It is important to understand that ETFs are not guaranteed products – just like any investment in the stock or bond market, your initial investment is subject to risks.
As there are many different types of ETFs, there are some that are riskier than others. If you invest in an ETF that holds securities in a currency other than your own (for example a Japanese equity ETF), your returns can also be affected by movements in the exchange rate (AUD vs JPY). There are some ETFs that provide currency hedging to minimise this ‘currency risk’. ETFs are designed to track an index, therefore they buy the same securities as that index and attempt to replicate the returns, minus the cost (fee) of the fund. There is a risk that there can be a divergence between the return of the index, and the return of the fund. However, it should be remembered that it is impossible for any investor to invest directly in an index.
Risk is an inherent part of investing.

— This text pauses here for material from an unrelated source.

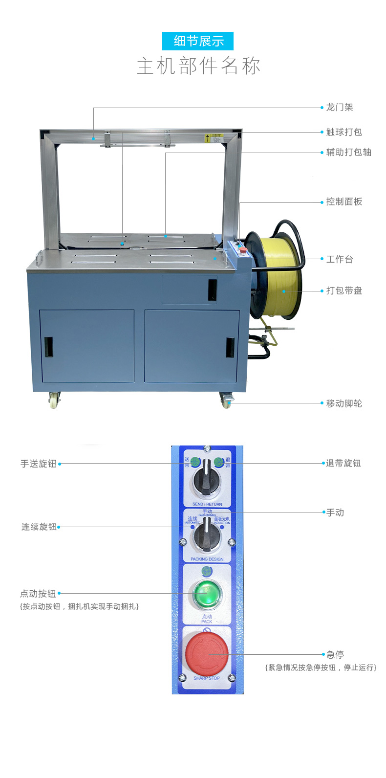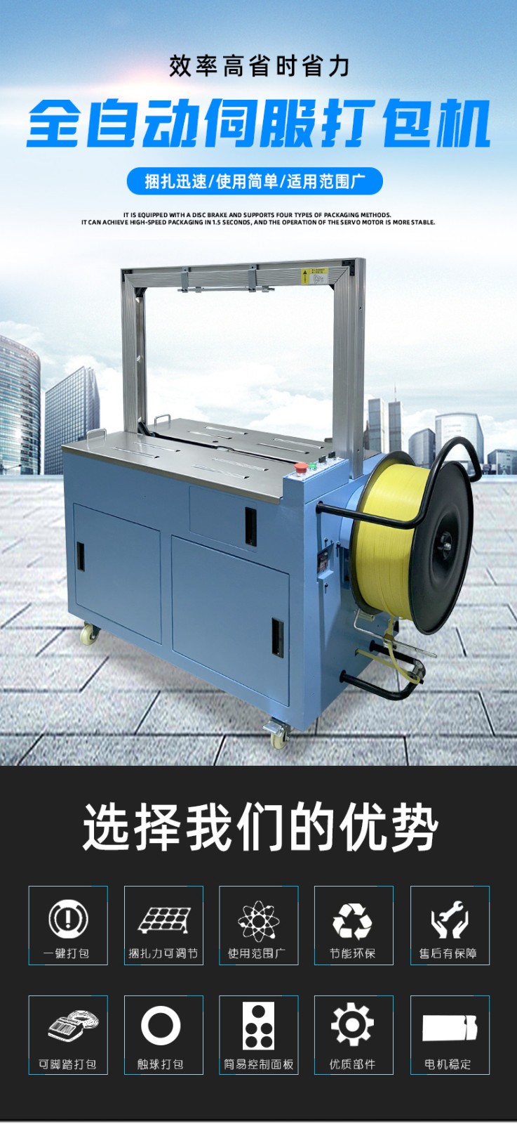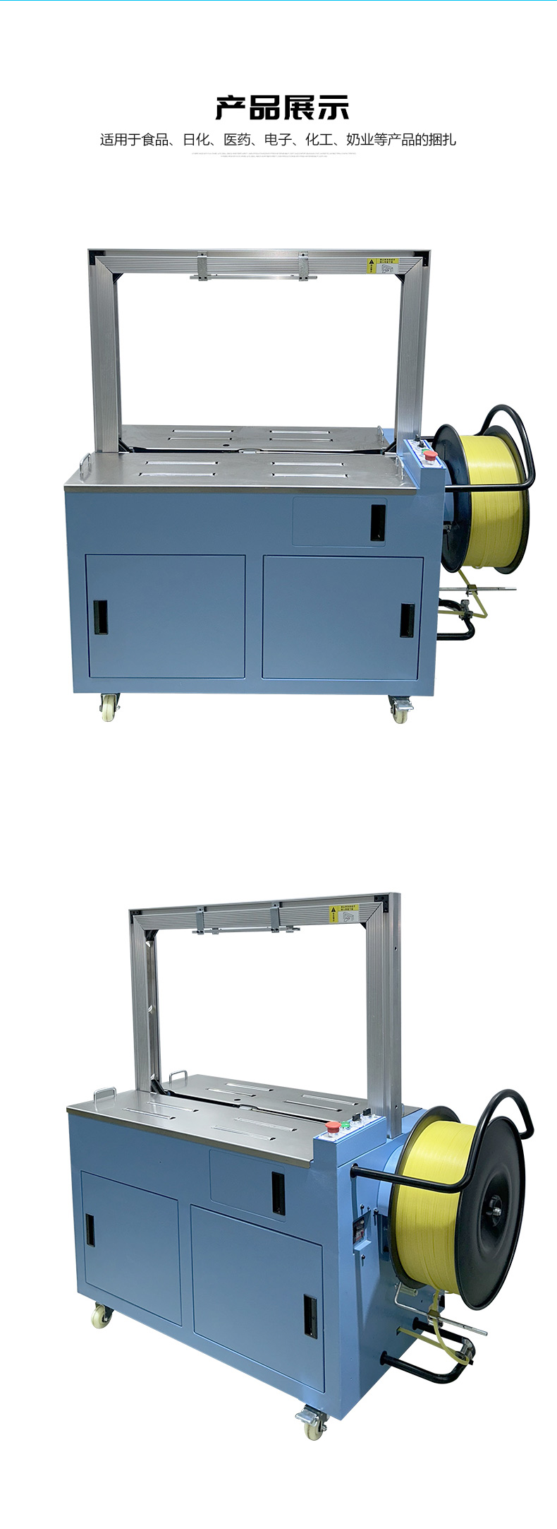 結構組成 伺服電機:作為核心部件,相比傳統(tǒng)電機,它能實現(xiàn)更高的控制精度和響應速度,可在捆扎時精準調整捆扎帶張力,保障捆扎的緊密與均勻。 控制系統(tǒng):負責智能化管理整個捆扎流程。通過傳感器與程序控制,實時監(jiān)測并調整捆扎速度、張力等參數(shù),用戶還能依不同產品需求設定相應捆扎參數(shù),滿足多樣化包裝需求。 捆扎裝置:一般采用熱合或熱熔方式固定捆扎帶。熱合是通過加熱使捆扎帶兩端熔合,形成牢固的捆扎效果,提高捆扎強度,防止運輸過程中松脫。 輸送系統(tǒng):負責將待捆扎產品送入捆扎機,常與輸送帶或自動化生產線等其他生產設備聯(lián)動,形

Every investment portfolio carries some degree of risk and by better understanding the types of investment risk, investors can manage portfolios’ risk/return balances through market cycles.
What is more, the elevated risk associated with higher volatility can present opportunities for investors aiming to enhance portfolio returns.
How ETFs can help manage risk
ETFs can help investors diversify across asset classes and risk exposures, customise active risk, and adjust expected portfolio volatility.
For example, using ETFs, investors can quickly and easily reduce exposure to equities in times of market volatility, at the same time increasing exposure to fixed income.